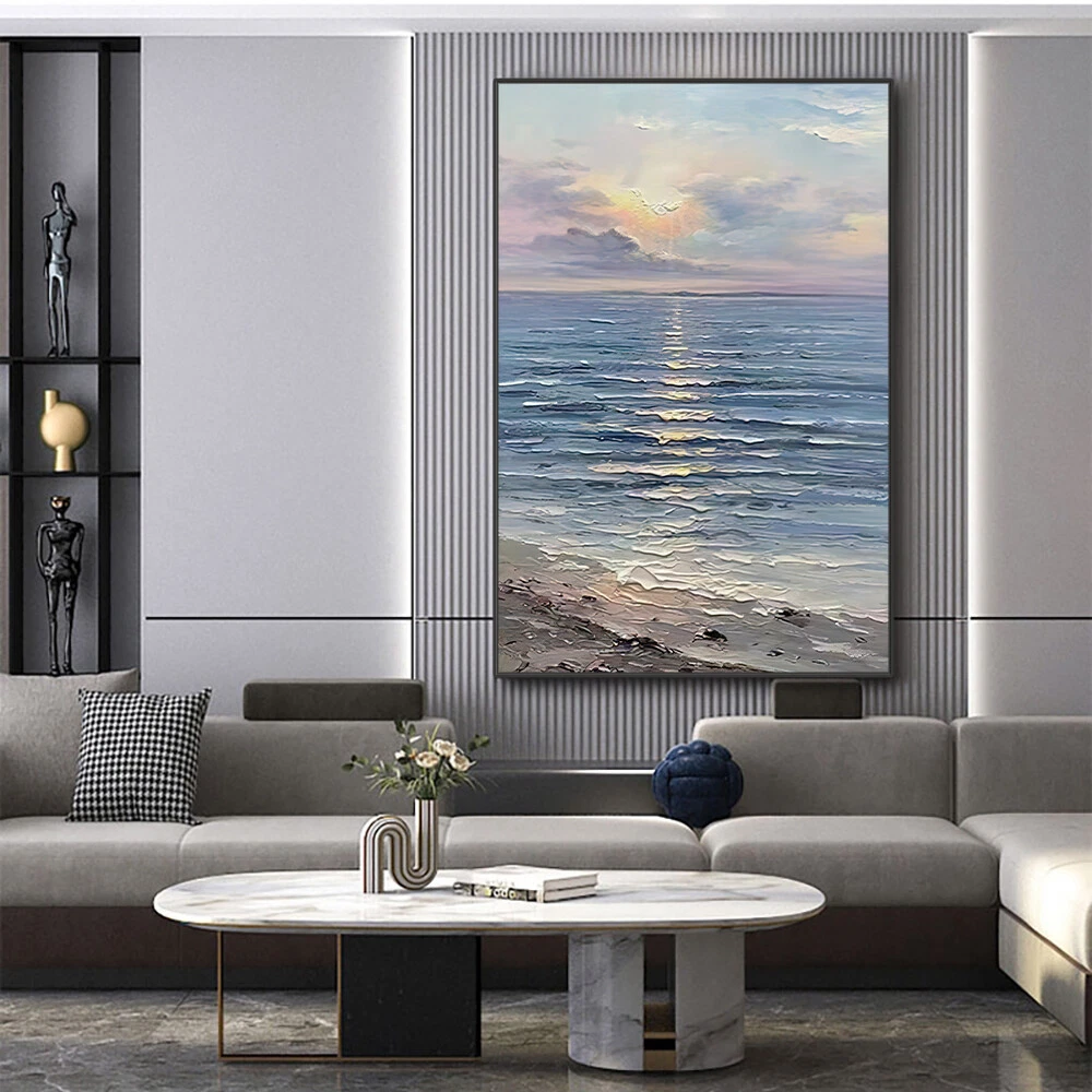 Hand painted Sunset Skyline Oil Painting On Canvas Sunrise Seascape Wall Art
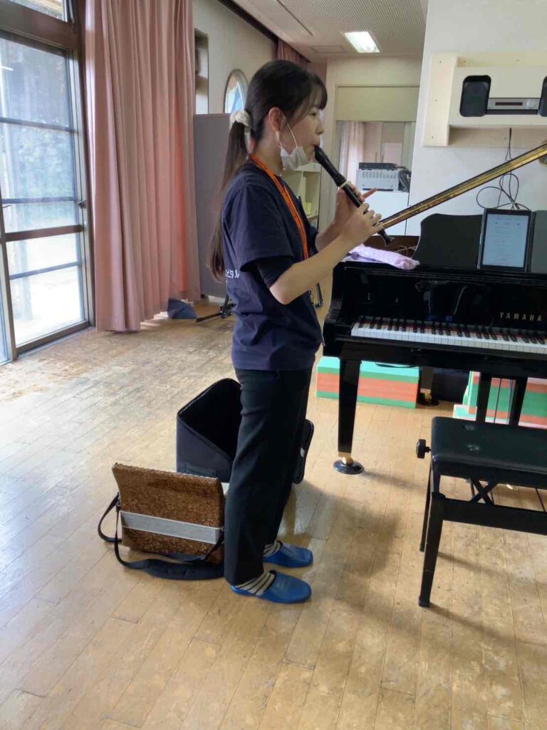 リコーダーの音が聴こえると、それまで静かに座っていたお友達が声を上げて反応してくれる姿があり、「好きな音に出会った瞬間」に立ち会うことができ胸があたたかくなりました。
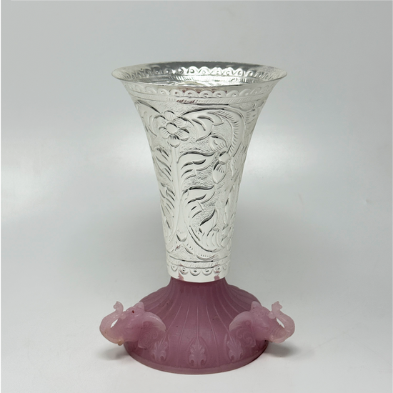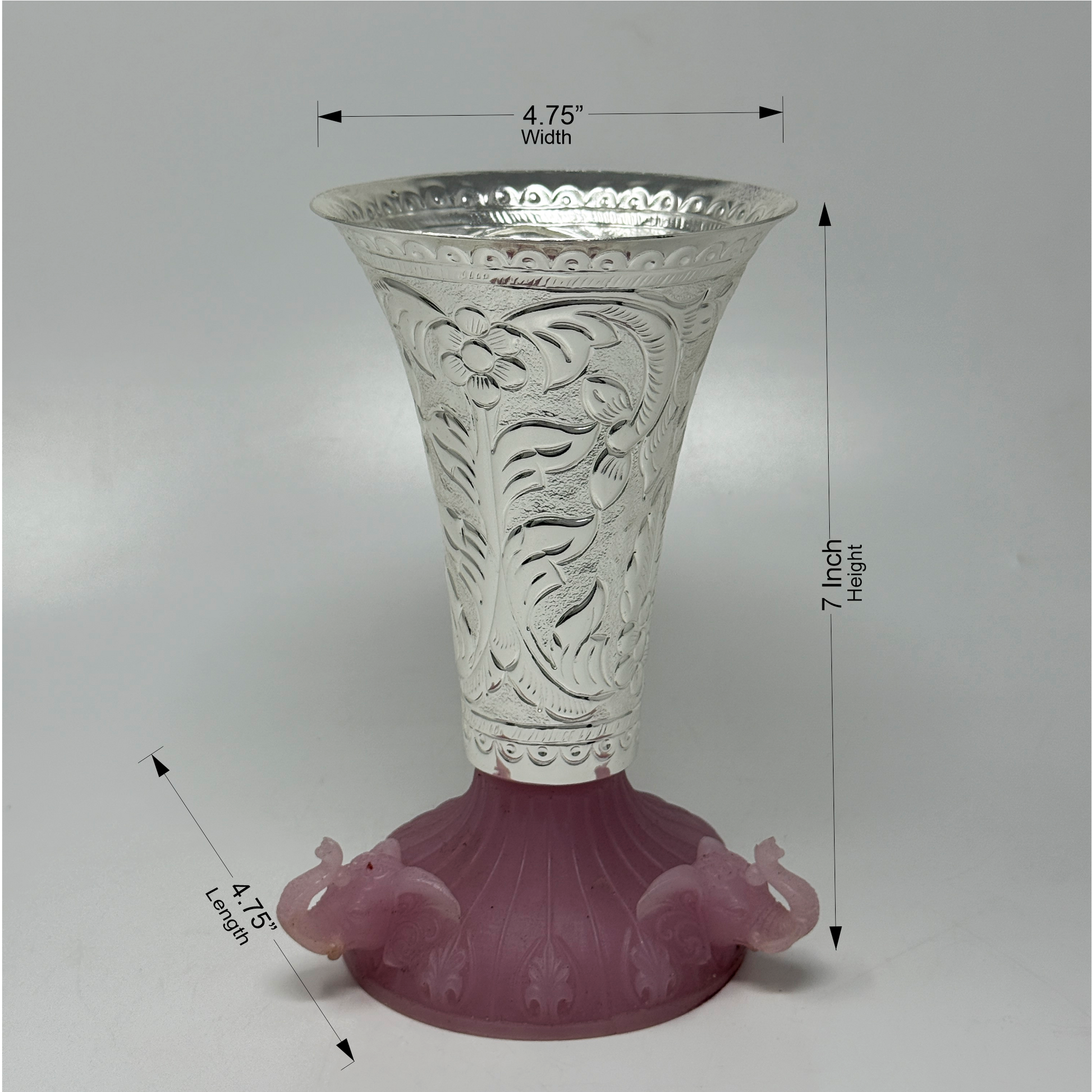 The Traditional Elephant Flower Vase features a brass body with a sophisticated silver-plated finish, combining durability with refined aesthetics. Its sturdy pink resin base not only provides stability but also adds a unique visual contrast. This expertly crafted vase is ideal for showcasing floral arrangements while serving as a timeless decorative accent in any setting.

§ WORK TASK
Give again, word for word, every line from the top of the data above to the line holding "リコーダーの音が聴こえると、", inclusive, with the pictures left out.

§ TASK OUTPUT
 Hand painted Sunset Skyline Oil Painting On Canvas Sunrise Seascape Wall Art
 リコーダーの音が聴こえると、それまで静かに座っていたお友達が声を上げて反応してくれる姿があり、「好きな音に出会った瞬間」に立ち会うことができ胸があたたかくなりました。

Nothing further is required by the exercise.